Voice brokers have been costly to run and painful to orchestrate, not as a result of the fashions can't deal with dialog, however as a result of context ceilings compelled enterprises to construct session resets, state compression, and reconstruction layers into each deployment. OpenAI's three new voice fashions are designed to cut back that overhead, and so they change how engineers can take into consideration constructing voice into a bigger agent stack.
GPT-Realtime-2, GPT-Realtime-Translate, and GPT-Realtime-Whisper combine real-time audio into the mannequin administration stack as discrete orchestration primitives — separating conversational reasoning, translation, and transcription into specialised parts somewhat than bundling them in a single voice product.
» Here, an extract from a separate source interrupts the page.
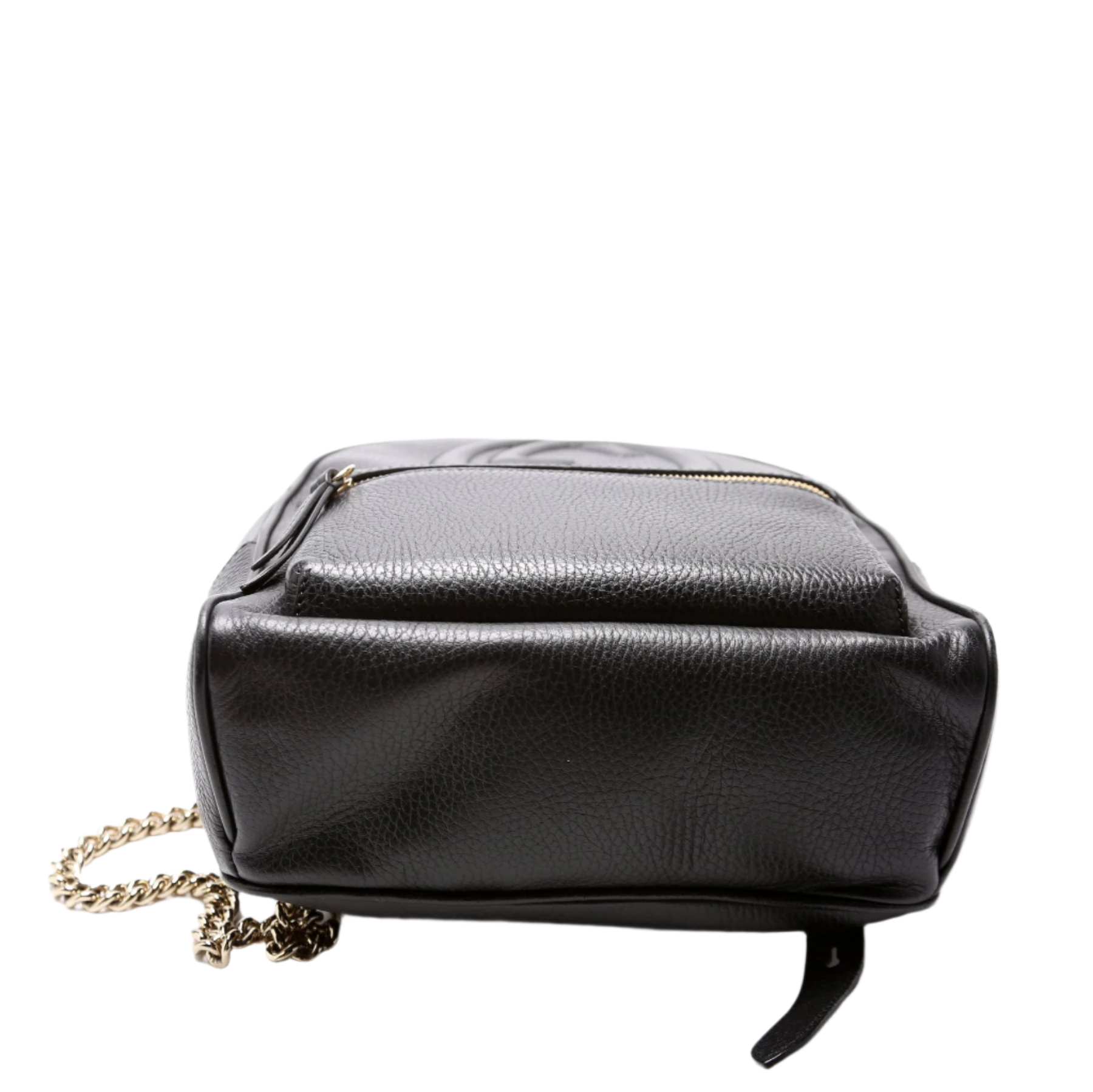 Let our smart tool help you find similar products you might like.The Gucci Soho Leather Backpack Bag in black offers a stylish and practical design, crafted from soft leather with the iconic GG logo embossed on the front. Its spacious interior and adjustable straps make it a versatile choice for both casual and chic outings.

The corporate stated in a weblog publish that Realtime-2 is its first voice mannequin “with GPT-5 class reasoning” and may deal with troublesome requests and hold conversations flowing naturally. Realtime-Translate understands greater than 70 languages and interprets them into 13 others on the speaker's tempo, and Realtime-Whisper is its new speech-to-text transcription mannequin.
These three actions now not sit inside a single stack or mannequin. GPT-Realtime-2 may technically deal with transcription, however OpenAI is routing distinct duties to specialised fashions: Realtime-Translate for multilingual speech and Realtime-Whisper for transcription. Enterprises can assign every activity to the suitable mannequin somewhat than routing the whole lot via a single, all-encompassing voice system.
The brand new OpenAI fashions compete in opposition to Mistral’s Voxtral fashions, which additionally separate transcription and goal enterprise use circumstances.
What enterprises ought to do
Extra enterprises are seeing the worth of voice brokers now that extra individuals are turning into snug conversing with an AI agent, and in addition due to the richness of information from voice buyer interactions.
Organizations evaluating these fashions might want to contemplate their orchestration structure, not simply mannequin high quality — particularly, whether or not their stack can route discrete voice duties to specialised fashions and handle state throughout a 128K-token context window.